We have had the privilege of working at a variety of campgrounds throughout our travels in the past few years.  Our duties have included working in guests services that provide front line service to guests, housekeeping, maintenance, activities and even animal caretaker at a campground with a small petting farm.  Each department has a very different but very important duty to ensure guests have the best possible experience while camping at their chosen location.  Since each of our assignments have been in different states and owned and managed by different people, you can imagine that the way things are done day to day can be quite different.  But the one thing that doesn’t change are some basic courtesy rules and regulations that each campground typically enforces. 

Here are some basic camping etiquette to consider:

  1. Try to arrive during business hours. This will allow you to get campground information at checkin and in many cases be provided with an escort to the site. While we know it isn’t always possible, you can always call ahead with any questions or concerns that you may have. 
  2. Read the campground literature provided at registration. Typically all the information that you need to know is provided on the site map or brochure given to you at check in. Every campground has different rules and policies. If you still have questions, don’t be afraid to ask. 
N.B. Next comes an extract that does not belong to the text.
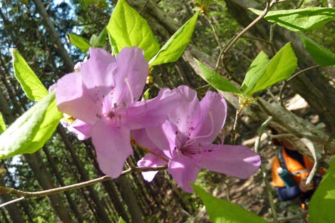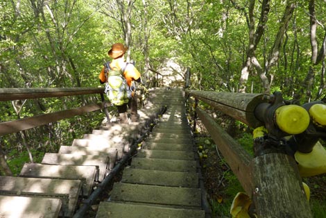 | 垂直に近い階段につき足を踏み外さないよう慎重に・・・ | トウゴクミツバツツジ | |||

  3. Be considerate of check in and check out times. This allows for the campground to get sites ready for the next guest. Typically there is a couple of hours between check in and check out in order to ensure there are no problems. While it is sometimes possible to arrive early or stay late, never assume that your site is available. Always check with the office. 
  4. Leave it better than you found it. This applies to many aspects of the campground from your site to the common facilities shared by all.  While there are people working at the campground to ensure you have a pleasant stay, remember that you are not the only guest in the park.  Keep your site tidy, don’t make a mess in the bathrooms  or laundry facilities and pick up after yourself. 
  5. Don’t leave your children unattended. Campground workers are busy doing their assigned tasks and are not responsible to watch your children running around the campground. We all enjoy watching children play, ride bikes, participate in activities and make new friends, but generally children should be attended with their parents and family members. 
  6. Don’t cut through occupied sites. If a site or cabin is occupied, don’t use it as a short cut. Just like you, people have paid good money for their site and would like to enjoy it. 
  7. Observe quiet hours. Most campgrounds have quiet hours from approximately 11pm-7am. This will vary from park to park. 
  8. Housekeeping workers do the best they can to ensure that common facilities and rental units are clean for each guest. Generally common areas may be closed for a short period of time during the day to facilitate a deep clean of the restrooms or laundry facilities. Rental units are cleaned after each guest checks out and common areas are typically closed for a short period during the day to give it a good cleaning. As guests, you can help this process by cleaning up after yourself and not making an excessive mess. Believe me, I could tell you some stories. 
  9. Participate in campground functions. Each campground provides a variety of entertainment or activities for you to enjoy. While these items may vary from park to park, the more that participate, the more fun that can be had by all. Some parks are limited in their activities due to the type of park they are. Some campgrounds are designed in such a way that campers come in and stay on the campground for the bulk of their stay.  These types of campgrounds are more likely to provide a lot of activities or functions. Other campgrounds are more destinations where campers come and park but spend most of their time checking out the surrounding area, theme parks or historical sites. These types of campgrounds will likely have less activities since the majority of campers are not in the park.  Either way, if you are available when there is a function, at least stop by to say hi and meet some new friends. 
  10. Review your campground, but be fair. For example, campground staff has no control over the weather. It isn’t fair to rate a campground low because Mother Nature did not cooperate. It also isn’t fair to rate a campground low because there was an accident on the highway nearby or roadway construction making travels slow. We have found online reviews to be particularly useful for getting the lay of the land.  Is it easily accessible, is it clean, is the staff friendly how much does it cost, what kind of amenities does it have and can I comfortably get my rig in and out?  Everyone has their own wants and needs and each experience will be different and providing a review online goes a long way not only for guests but also the management to see how they are doing.